Mengyang (Michael) Gu
Assistant Research Professor, Department of Applied Mathematics and StatisticsJohns Hopkins University
Robust Uncertainty Quantification and Scalable Computation for Computer Models with Massive Output
Computer models have been widely used to reproduce the behavior of engineering, physical, biological and human processes. The rapid development of technology has empowered scientists and engineers to implement large-scale simulations via computer models and to collect real data from different kinds of resources, with the ultimate goal of predicting real processes through modeling. To achieve this typically requires a host of interactions with data and statistics, a process that has come to be called uncertainty quantification (UQ). This thesis develops statistical models focusing on two aspects of the problem in UQ: computational feasibility for huge functional data and robust parameter estimation in fitting models. To achieve these two goals, new techniques, theories and numerical procedures are developed and studied. Chapter 1 frames the issue of modeling data from computer experiments and introduces the Gaussian stochastic process (GaSP) emulator as a crucial step in UQ. Chapter 2 provides a practical approach for simultaneously emulating/approximating computer models that produce massive output; for instance, output over a huge range of space-time coordinates (as necessary for the discussed application of hazard quantification for the Soufrière Hills volcano in Montserrat island). Chapter 3 and Chapter 4 are both about the parameter estimation problem for the GaSP emulator. Chapter 3 provides new criteria for parameter estimation, called ‘robustness parameter estimation criteria’. Properties of the reference prior are studied in a general setting and a new robust estimation procedure is proposed based on the estimation from marginal posterior modes with optimal parameterizations.

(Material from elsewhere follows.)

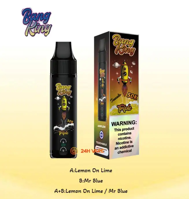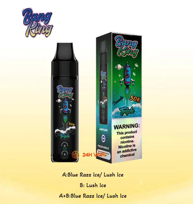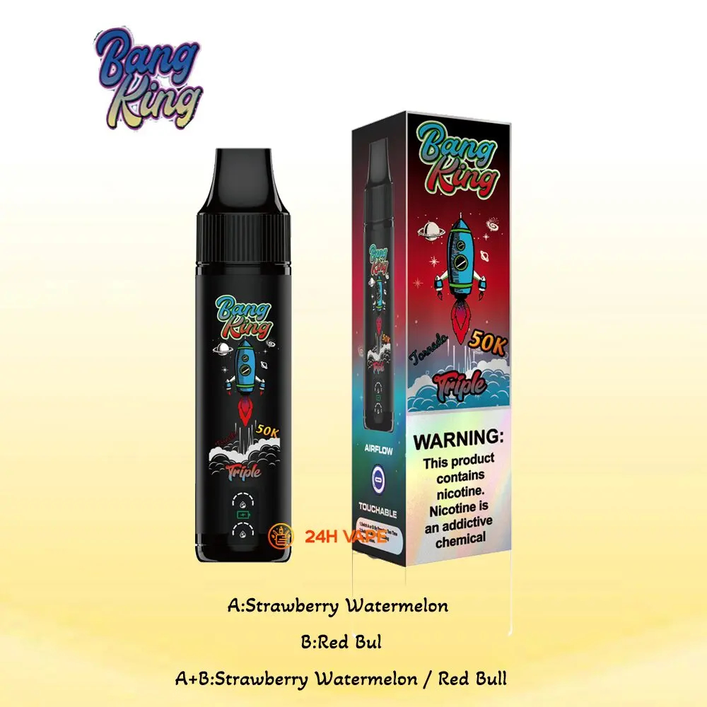 Bang King Triple 50K puffs disposable vape is a top-tier choice for users who demand durability, flavor variety, and smart design. Whether you are a personal user looking for a long-lasting vape or a vape shop sourcing reliable wholesale products, this device delivers strong performance and excellent value. πŸ’Ž

Chapter 4 introduces a new class of priors – called jointly robust priors – for the GaSP model where inert inputs (inputs that barely affect the computer model output) are present. This prior has many of the good properties of the reference prior and is more computationally tractable. Chapter 5 discusses another problem with big functional data, in which the number of observations in a function is large. An exact algorithm that can compute the likelihood of the GaSP model linearly in time is introduced, and regression, separable GaSP models and nonseparable GaSP models are discussed in a unified framework. Finally, Chapter 6 provides some concluding remarks and describes possible future work.